— Par Dominique Daeschler —
La Tempesta. Shakespeare, m.e.s. Antonio Serra. Opéra théâtre.
Futur Proche. Chorégraphie Jan Martens. Cour d’honneur Palais des Papes.
*****
***
*
La Tempesta. Shakespeare, m e s Antonio Serra. Opéra théâtre.
Féru des travaux de Grotowski et Brook, Antonio Serra en a gardé la certitude que le théâtre c’est d’abord l’acteur, que c’est lui qui fait sens. Le décor sera minimaliste, se transformant comme un couteau suisse dont on retient d’abord l’efficacité, traçant une aire de jeu où vont se débattre des corps-énergie. L’île où Prospero s’est retiré est un monde oscillant entre sa magie et son bon vouloir. Des pouvoirs qui s’exercent sur les plus faibles (Caliban, Ariel esclaves) à défaut de pouvoir se venger des plus puissants. C’est compter sans la finesse psychologique d’ Ariel et une judicieuse tempête. Voilà le roi de Naples et sa suite à la merci de Prospero ! Se succéderont de joyeuses ripailles, un mariage de Miranda la fille de ce dernier , les pulsions meurtrières de Caliban, l’immersion dans un cérémonial proche de la transe … Lavie de la même essence que nos rêves se joue de ses excès et de ses incessants allers-retours sous l’impulsion discrète d’Ariel. La compassion, le pardon seront au rendez-vous de la bonne conscience. Ouf ! Mais au fond on s’enfiche. Serra, adaptateur, traducteur, éclairagiste, costumier, scénographe, s’en donne à cœur joie dans la direction d’acteurs laissant un temps libre cours à l’improvisation pour aller plus loin dans le travail de transformation de l’acteur. C’est burlesque et dramatique, les enchainements sont brûlés, les lumières vacillent ou éclatent et la caricature s’impose sans complexe. Le plateau est vibratoire et les personnages sont dans l’excès, la parodie, multipliant les interprétations ce qui rend difficile le cheminement vers la transcendance. On regrettera que la dimension poétique du lumineux Ariel soit effacée par son rôle de passeur. Quel retour vers aujourd’hui ?La pièce est relue, adaptée, mise en réflexion et en chantier en plein covid, jouée alors que la guerre sévit en Ukraine, on ne peut ignorer la dimension politique qui stigmatise un Occident imbu de lui-même, peu respectueux d’autres cultures ,indulgent voire cynique quant aux ravages de la colonisation et de l’esclavage. Il faut bien faire théâtre pour enrayer banalisation et occultation des séismes du monde.
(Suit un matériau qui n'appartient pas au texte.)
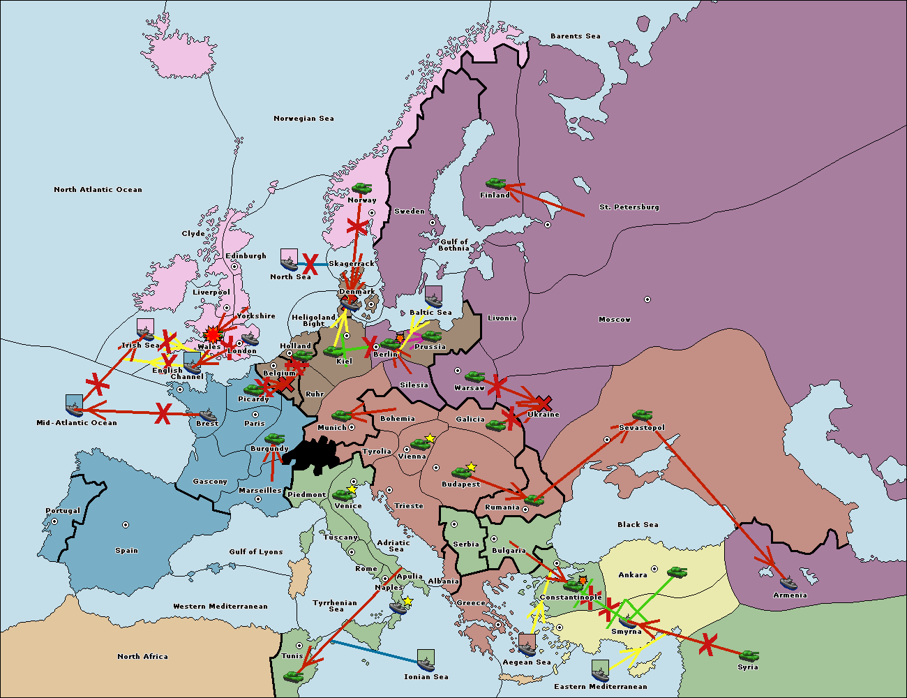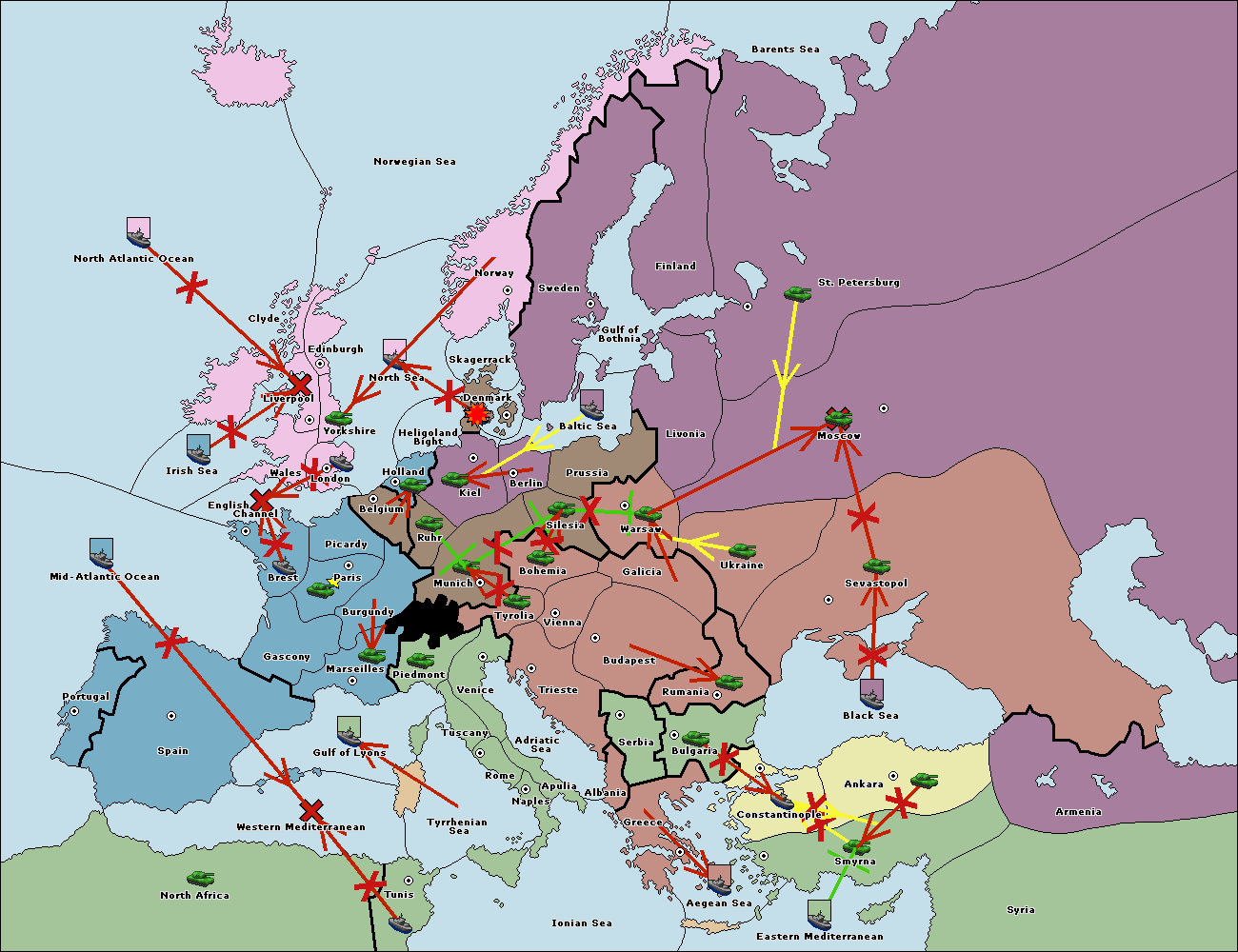 The fleet at Mid-Atlantic Ocean move to Western Mediterranean.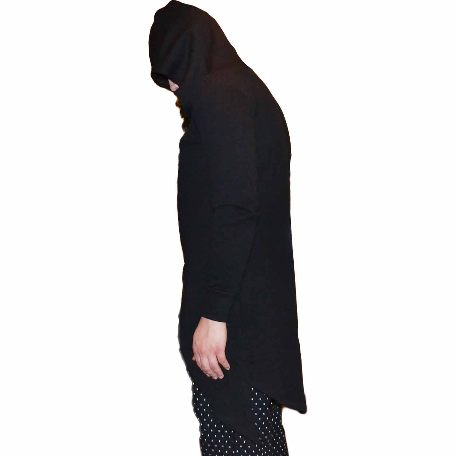 felpone lungo pinguino fashion zip nero uomo cappuccio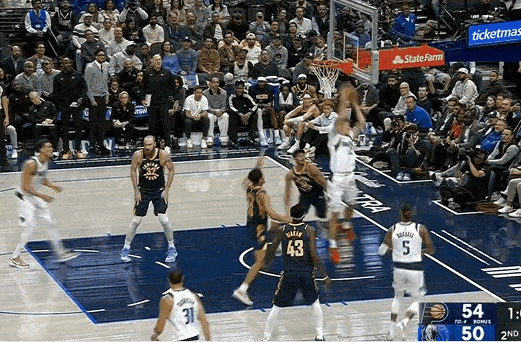 今日NBA常规赛,独行侠主场对阵步行者。比赛第二节,弗拉格积极拼下进攻篮板,可惜转身放篮被胡夫大帽。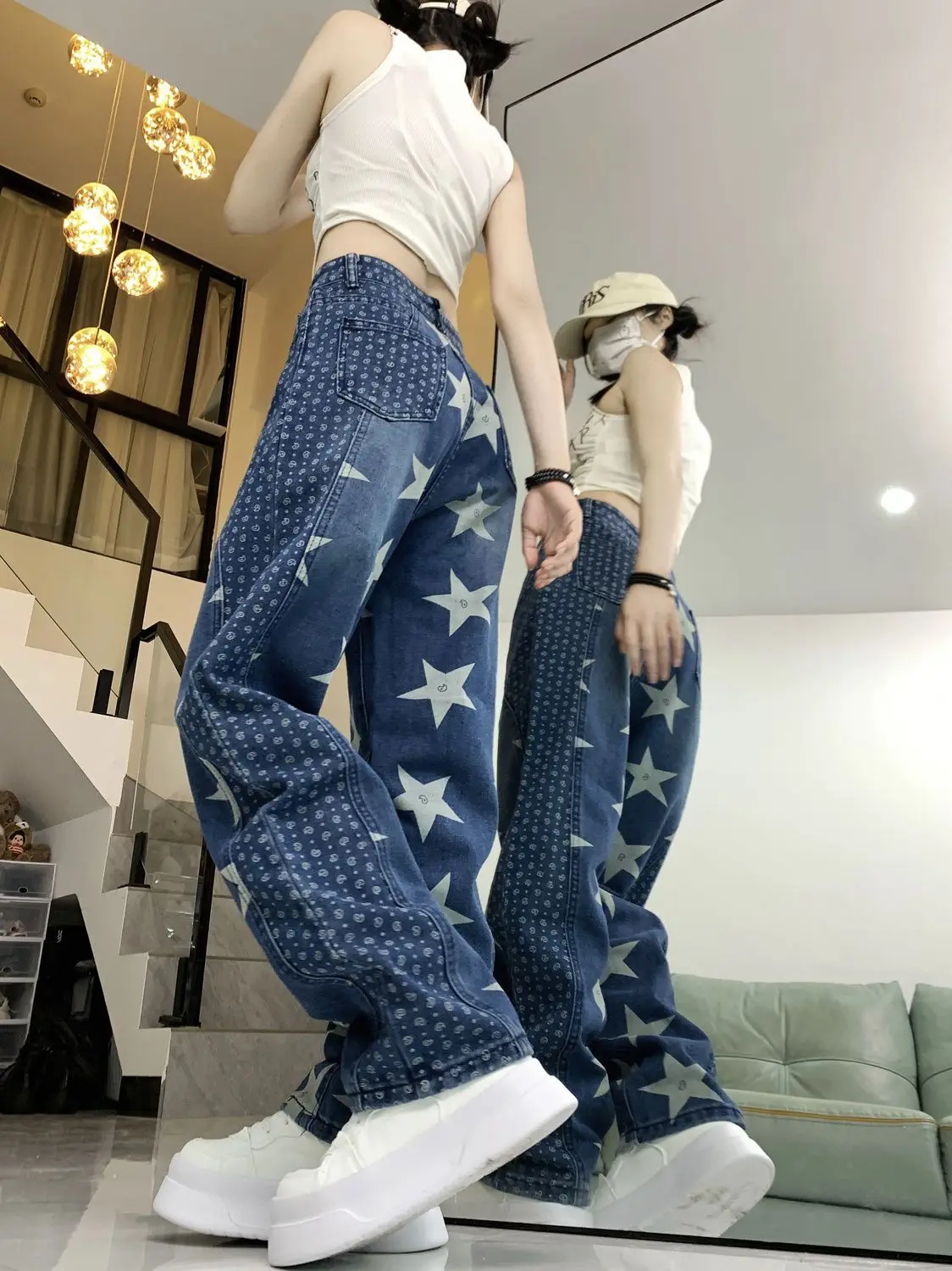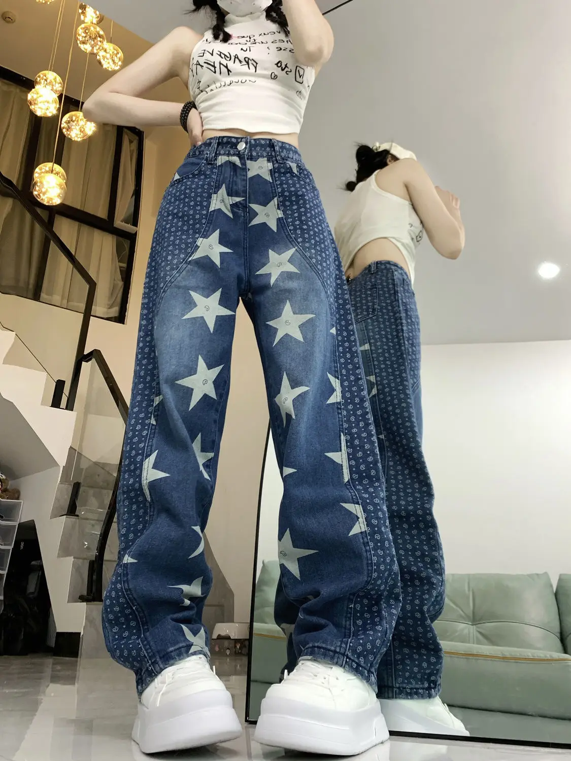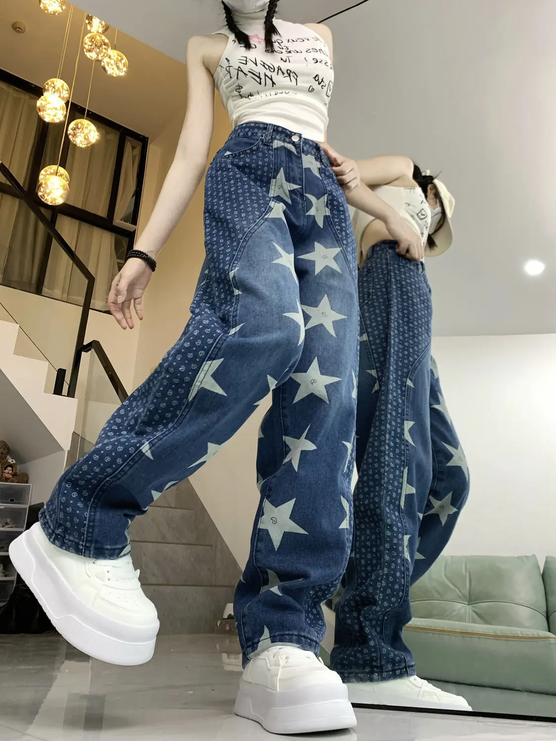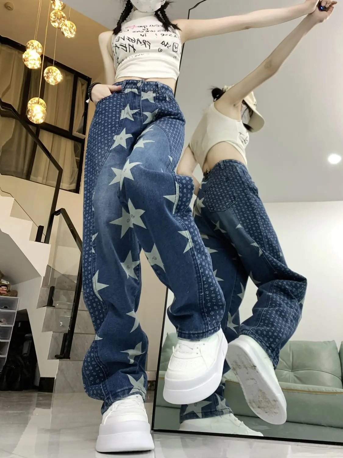 Purpdrank Splicing Star Print Design American High Street Jeans Women's Niche Loose Straight Leg Pants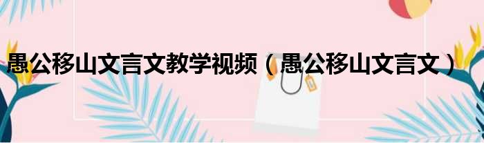大家好,今天小六子来为大家解答以下的问题,关于愚公移山文言文教学视频,愚公移山文言文这个很多人还不知道,现在让我们一起来看看吧!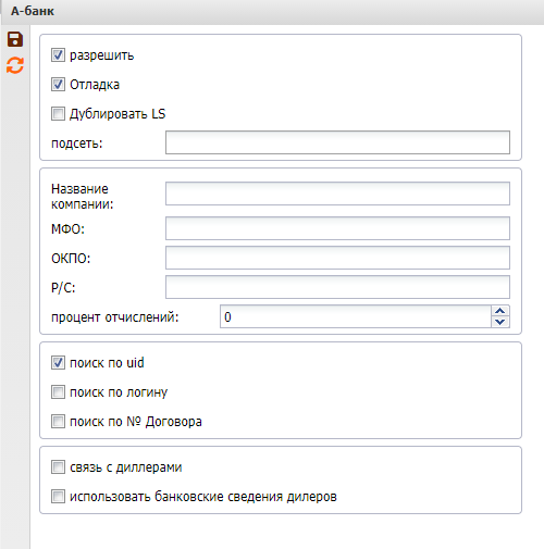 Так же Вам необходимо в системных опциях включить свойство "Привязать к дилеру" в настройке "А-Банк".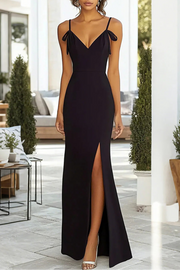 Black Spaghetti Straps Sheath Long Formal Evening Dress With Slit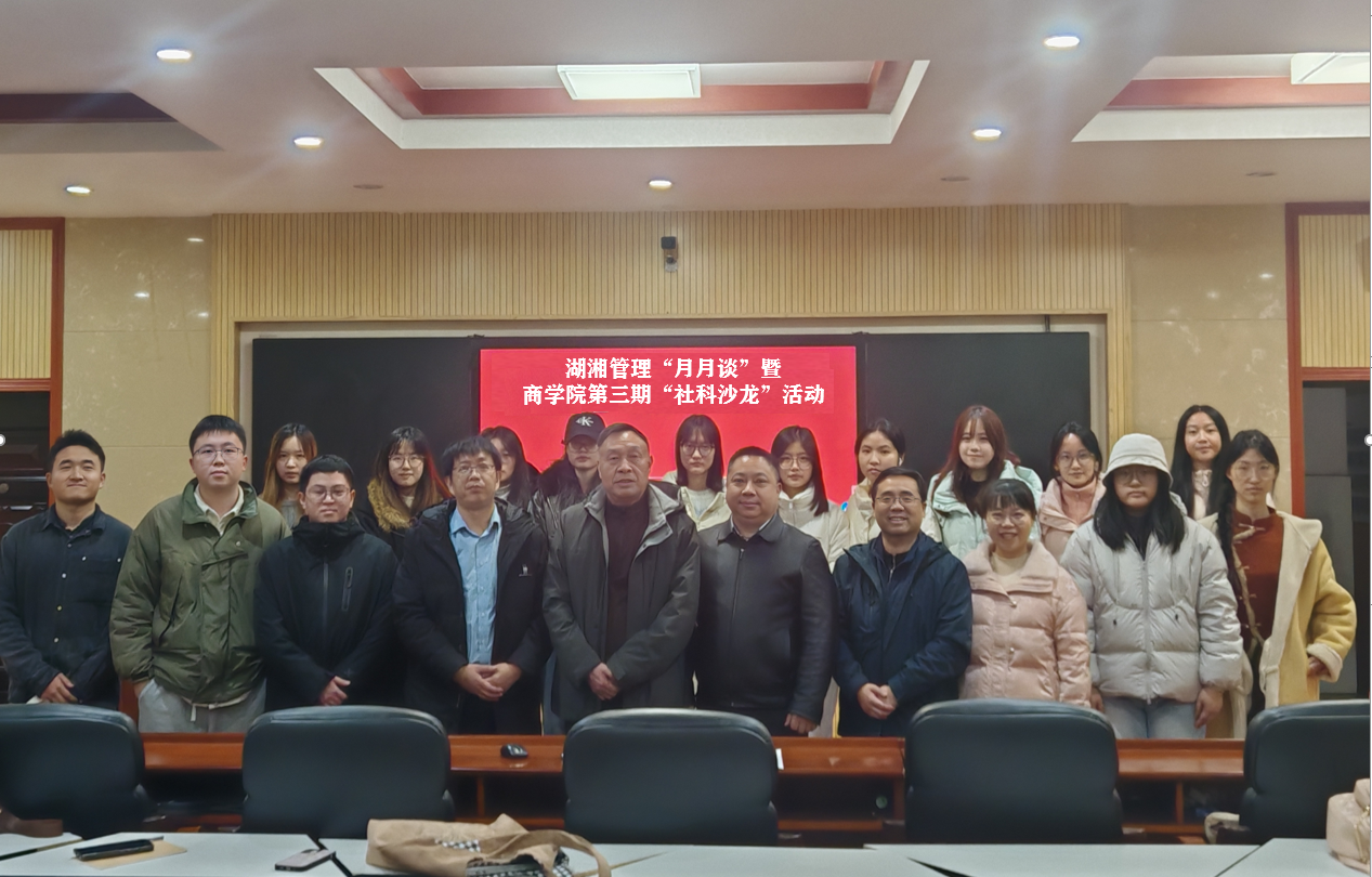 “社科沙龙”作为我院科研团队学术交流的品牌活动,聚焦学院七个特色科研团队研究进展及成果培育,探讨科研服务地方经济发展的路径,为产业发展把脉问诊、答疑解惑。此次与湖南省管理科学学会“湖湘管理‘月月谈’学术沙龙”联合举办,有效拓展了交流的广度和深度,促进了跨学科交流,未来将持续聚焦学术前沿,为湖南乃至全国的管理创新与高质量发展凝聚更多智慧力量。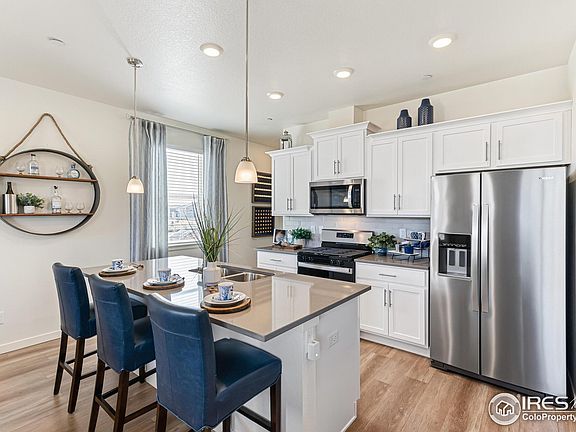 The Vail is a two-story floor plan offered in the Paired Homes at Hansen Farm in Fort Collins with no Metro District! The 1,684 square foot home features 4 bedrooms, 2.5 bathrooms, and a 2-car garage. Aiming to impress the Vail floor plan welcomes you in from the front covered porch to the open concept living area. As you enter into the heart of the home you will see the stunning kitchen that features premium cabinetry, stainless-steel appliances, and an expansive eat-in island that flows seamlessly into both the living room and dining area. The spacious living room is perfect for relaxing or entertaining and provides ample space for any set-up. A powder room is tucked away but still convenient for guests to use. The large primary bedroom is located upstairs and is complemented with two spacious walk-in closets and an en-suite bathroom that features a dual vanity and walk-in shower. You'll also find three additional bedrooms with plenty of space and plush carpets. A laundry room and second bathroom that also includes a double vanity sink are centrally located upstairs providing optimal functionality. ***Estimated Delivery Date: July. Photos are representative and not of actual property***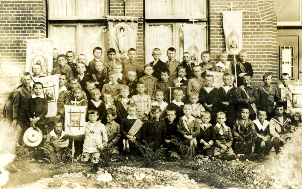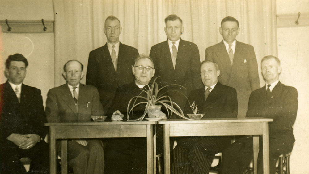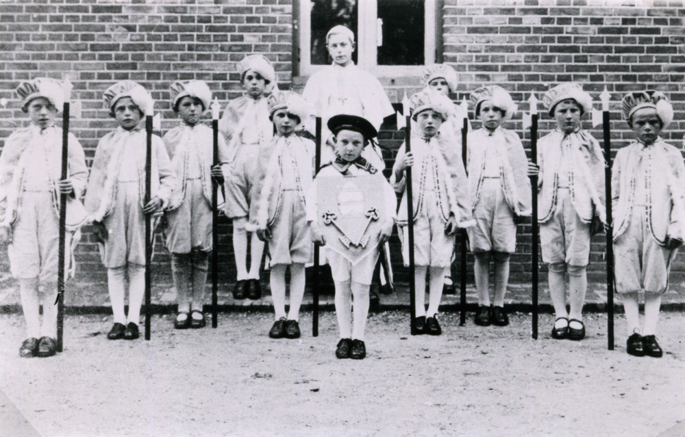 Zwart-wit foto van de leden van het Pauselijk Genoot...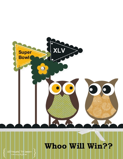 Another fun and easy creation with My Digital Studio! I just started with a design already included in the program, changed the pennant colors, added text, added the owl punches, changed the scallop color to black, deleted the greeting and added my own text box. With a little research, I was able to find out the color codes for the Steelers and the Packers and used those in a couple places because you can select any colors you want with My Digital Studio.

Futur Proche. Chorégraphie Jan Martens. Cour d’honneur Palais des Papes.
Fasciné par le clavecin, Jan Martens le met à l’honneur dans Futur Proche comme il l’avait fait dans sa précédente création. C’est cet instrument confié aux mains magiques de Goska Isphoring qui donne le la avec des œuvres contemporaines comme un premier indice : cet instrument qu’on disait détrôné par le piano connaît un regain d’intérêt et sa sonorité particulière a alors un côté percussif ce qui est de bon augure pour une vision du monde futur. Si Jan Martens insiste tant sur le clavecin c’est que c’est le rythme du jeu de l’interprète qui a entraîné le geste chorégraphique . Cela valait bien un autre pari : monter un spectacle avec une quinzaine de danseurs de l’opéra Ballet Vlaanderen, afin de filer un plus loin le choc possible des rencontres. Un immense banc comme une frontière entre l’ici et l’ailleurs, ce que l’on connaît et ce qu’on ne connaît pas, le futur ?… Du danseur classique restent la position des pieds, les semi-pliés des jambes puis la musique les livre au saccadé, au bondissement, à l’immobilisme de corps couchés jouant subitement de la verticale, au désordre.. Le banc prend vie, les danseurs semblent s’échapper d’eux- mêmes pour une liberté tonique dans les mouvements d’ensemble : ce sont les meilleurs moments. Les projections immenses de danseurs sur le mur de fond de scène guident notre regard sur le plateau vers de sous-ensemble : il y a là plus d’embarras, le côté synchro reprend le pas. La cérémonie du puits-baptistère où chaque danseur apporte son seau puis se jette dans un bain purificateur valorise la différence, le partage . Ces hommes nouveaux sauront-ils mieux sauvegarder le vivant ? L’image est touchante mais convenue. Le spectacle s’ensable peu à peu faute de renouvellement.